*** MATERIALS PROVIDED ***

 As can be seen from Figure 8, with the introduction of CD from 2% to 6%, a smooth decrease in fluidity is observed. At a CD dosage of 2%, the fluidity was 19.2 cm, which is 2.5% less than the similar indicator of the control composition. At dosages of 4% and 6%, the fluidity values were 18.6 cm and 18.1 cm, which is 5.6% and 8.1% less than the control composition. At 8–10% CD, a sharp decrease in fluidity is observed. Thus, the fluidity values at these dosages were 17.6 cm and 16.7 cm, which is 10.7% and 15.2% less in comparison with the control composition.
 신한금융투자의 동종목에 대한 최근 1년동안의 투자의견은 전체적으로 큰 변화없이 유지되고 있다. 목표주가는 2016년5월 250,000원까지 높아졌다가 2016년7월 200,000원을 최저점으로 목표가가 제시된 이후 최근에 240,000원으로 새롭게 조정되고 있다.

*** End of MATERIALS PROVIDED ***
*** MATERIALS PROVIDED ***

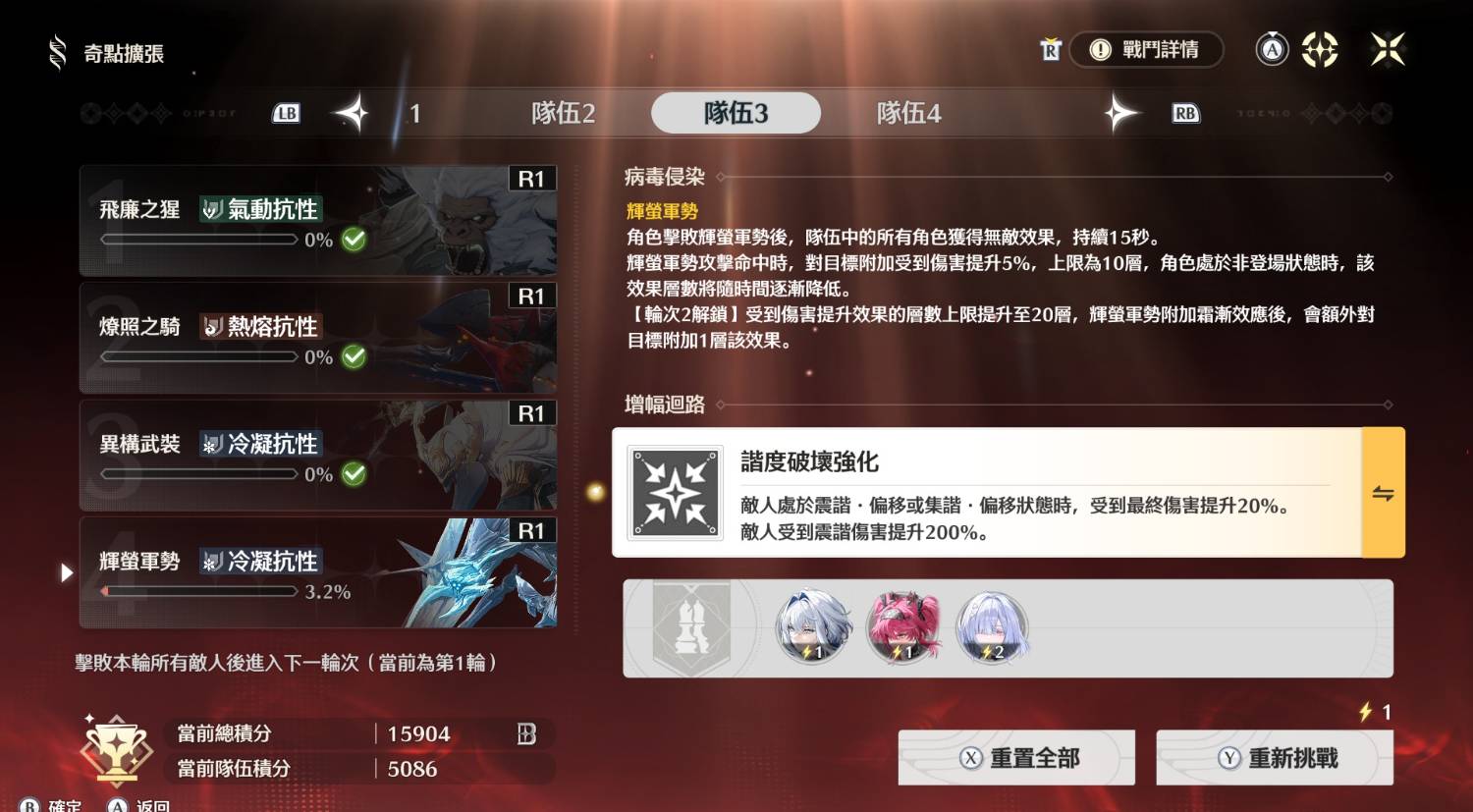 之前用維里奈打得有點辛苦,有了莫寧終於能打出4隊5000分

*** End of MATERIALS PROVIDED ***

- _REQUIRED ACTION_:
Only the lines above from the line containing "As can be seen" through the line containing "신한금융투자의 동종목에 대한" should be retyped, exactly and with both ends included.

- _TASK SOLUTION_:
 As can be seen from Figure 8, with the introduction of CD from 2% to 6%, a smooth decrease in fluidity is observed. At a CD dosage of 2%, the fluidity was 19.2 cm, which is 2.5% less than the similar indicator of the control composition. At dosages of 4% and 6%, the fluidity values were 18.6 cm and 18.1 cm, which is 5.6% and 8.1% less than the control composition. At 8–10% CD, a sharp decrease in fluidity is observed. Thus, the fluidity values at these dosages were 17.6 cm and 16.7 cm, which is 10.7% and 15.2% less in comparison with the control composition.
 신한금융투자의 동종목에 대한 최근 1년동안의 투자의견은 전체적으로 큰 변화없이 유지되고 있다. 목표주가는 2016년5월 250,000원까지 높아졌다가 2016년7월 200,000원을 최저점으로 목표가가 제시된 이후 최근에 240,000원으로 새롭게 조정되고 있다.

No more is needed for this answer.